Par Thomas Tankou______________

En Turquie par exemple, le bâtiment de la Grande Assemblée nationale porte le nom de certains dirigeants, notamment celui de Mustafa Kemal Atatürk, le fondateur de la République.

Cependant, il est rare que le bâtiment abritant le siège des institutions parlementaires soit directement nommé d’après un chef de l’exécutif en exercice, surtout lorsque ce dernier est au pouvoir depuis aussi longtemps que Paul Biya. Dans la plupart des démocraties, les institutions sont généralement nommées d’après des figures historiques, des héros nationaux, ou des concepts liés à la démocratie.
Les cas où cela se produit sont souvent le reflet de systèmes politiques moins démocratiques, où la concentration du pouvoir est plus marquée.
La récente décision du bureau de l’Assemblée nationale du Cameroun de baptiser le nouvel hémicycle du nom de Paul Biya, l’actuel chef de l’État, a suscité une vague de indignation tant au niveau national qu’international. Ce choix, loin d’être anodin, représente une provocation manifeste dans un contexte politique déjà tendu, et pose la question cruciale de la séparation des pouvoirs dans un État censé être démocratique.

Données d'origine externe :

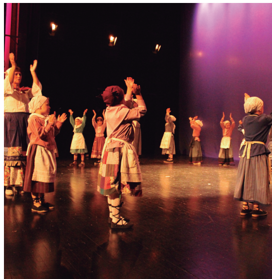
Euskal Dantzako ikasleak ederki aritu ziren atzo goizean; ostiral arratsaldean, berriz, helduen Antzerki taldekoen txanda izan zen.
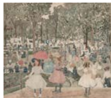
Maurice Brazil Prendergast (1858 - 1924) The Mall, Central Park, 1900/1903
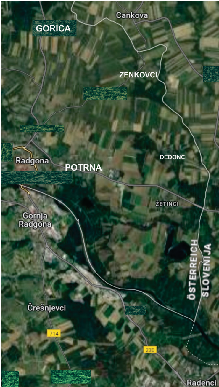
Karta 1: Mreža obravnavanih krajev
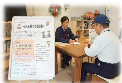
CSW による出張相談会
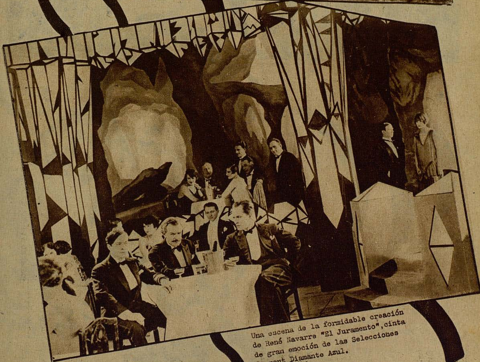
Una escena de la formidable creación de René Navarre "El Juramento", cinta de gran emoción de las Selecciones Gaumont Diamante Azul.
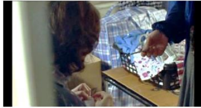
Figure 29. Rosetta
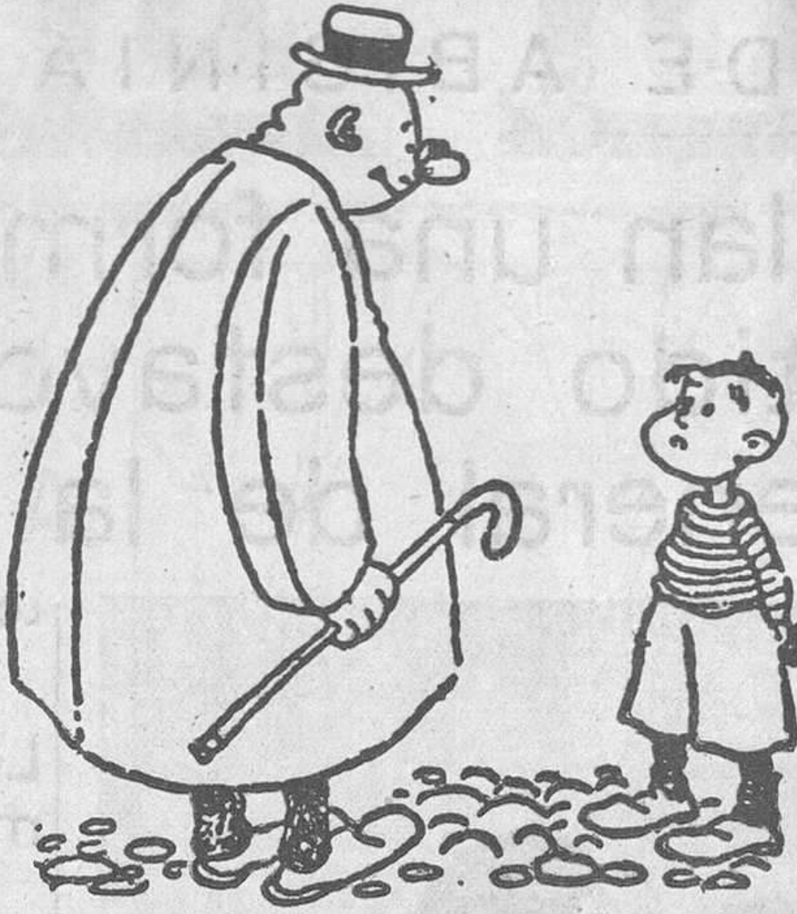
-¿Y en qué ha conocido tu profesor que yo te ayudo en los trabajos? -En que dice que es imposible que yo solo ponga tantas faltas de ortografía. (De 'Gazzettino Illustrato', Venecia.)
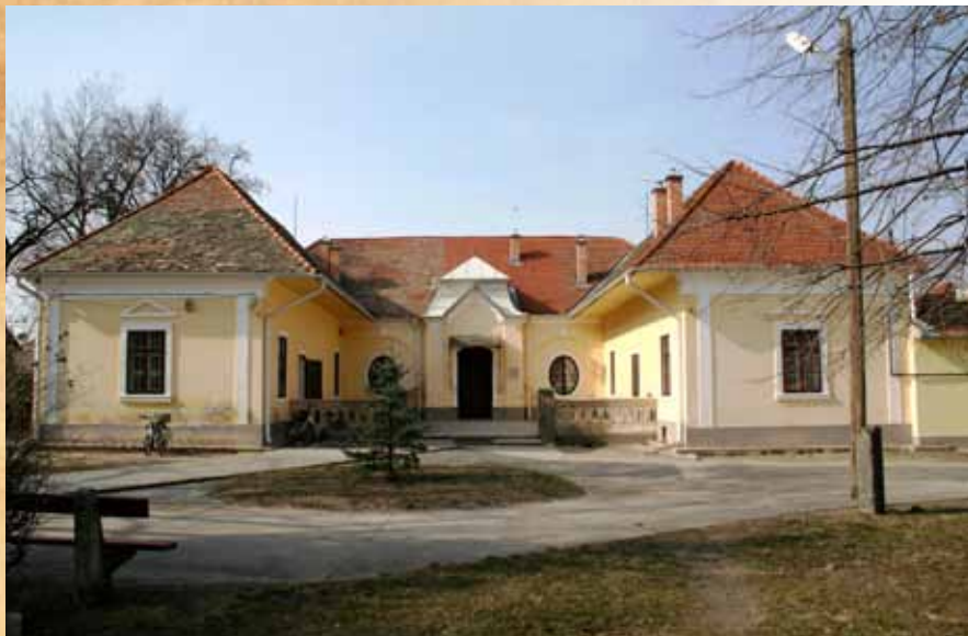
A gyóni Zlinszky-kúria

amióta a HALHATATLANOK dabasi társaságába lépett, hiányzik az ünnepeinkből. Hiányzik a hangja, megfontolt, világos, reményt adó beszédei, magas, szikár alakja, nemes arcéle, tekintélyt és alázatot ötvöző egyénisége. Zlinszky Jánossal egy generáció utolsó képviselője távozott közülünk, azoké, akik még ismerték az etikettet, az udvariassági szabályokat, a pontosságot, a türelmet, tudták az igazságot és megélték a 20. századi történelmi események poklát.

Un édifice au nom d’un homme…

Le choix de nommer un bâtiment aussi symbolique que le siège des institutions parlementaires en l’honneur d’un président en exercice soulève des interrogations profondes sur l’indépendance et l’intégrité des institutions. Dans une démocratie véritable, les symboles de l’État doivent transcender les individus pour incarner les valeurs collectives et la pluralité des voix. En désignant Paul Biya, le régime en place semble renforcer une image de pouvoir personnel et d’autoritarisme, au détriment des principes démocratiques.

Réaction de l’opinion publique…

La levée de boucliers qui a suivi cette annonce témoigne d’un malaise profond chez les Camerounais.
La question « Peut-on parler fort dans la maison d’autrui ? » résonne comme un écho des préoccupations sur la liberté d’expression et le respect des institutions. Les citoyens se sentent de plus en plus muselés dans un système où les décisions politiques semblent être prises sans consultation ni considération pour l’opinion publique. Cette situation crée un climat de méfiance et d’apathie, nuisant à l’engagement civique.

L’érosion de la séparation des pouvoirs…

La décision de nommer un édifice parlementaire au nom de Paul Biya pourrait être perçue comme une tentative de fusionner les pouvoirs exécutif et législatif, compromettant ainsi l’équilibre nécessaire à un fonctionnement démocratique. Une telle érosion de la séparation des pouvoirs peut mener à un système où les lois et les décisions politiques sont dictées par un seul homme, rendant les institutions parlementaires simplement des prolongements du pouvoir exécutif.

Risques d’autoritarisme…

En glorifiant une figure politique à travers des symboles comme le nom d’un bâtiment public symbole du pouvoir législatif, le régime envoie un message clair sur la direction prise : celle d’un autoritarisme croissant. L’absence de limites claires à l’autorité du président peut conduire à une concentration du pouvoir, rendant difficile toute forme d’opposition ou de critique.

Détérioration de la confiance publique…

La confiance des citoyens dans les institutions est cruciale pour le bon fonctionnement d’une démocratie. Des actes perçus comme des provocations, tels que la dénomination d’un hémicycle au nom d’un président en exercice, peuvent engendrer un cynisme généralisé à l’égard des processus démocratiques. Cela peut conduire à un désengagement des citoyens et à une augmentation de la polarisation politique.

Un dangereux précédent…

En somme, le choix de nommer le nouvel hémicycle du nom de Paul Biya n’est pas qu’une simple question de dénomination. Il s’agit d’un acte aux implications profondément politiques, qui menace de miner les fondements mêmes de la démocratie au Cameroun. Alors que le pays traverse des périodes d’incertitude et de tensions, il est impératif que les institutions agissent avec responsabilité et en faveur de l’intérêt collectif, plutôt que de servir des ambitions personnelles. La préservation des valeurs démocratiques doit passer par un respect scrupuleux de la séparation des pouvoirs et une véritable écoute des aspirations du peuple camerounais.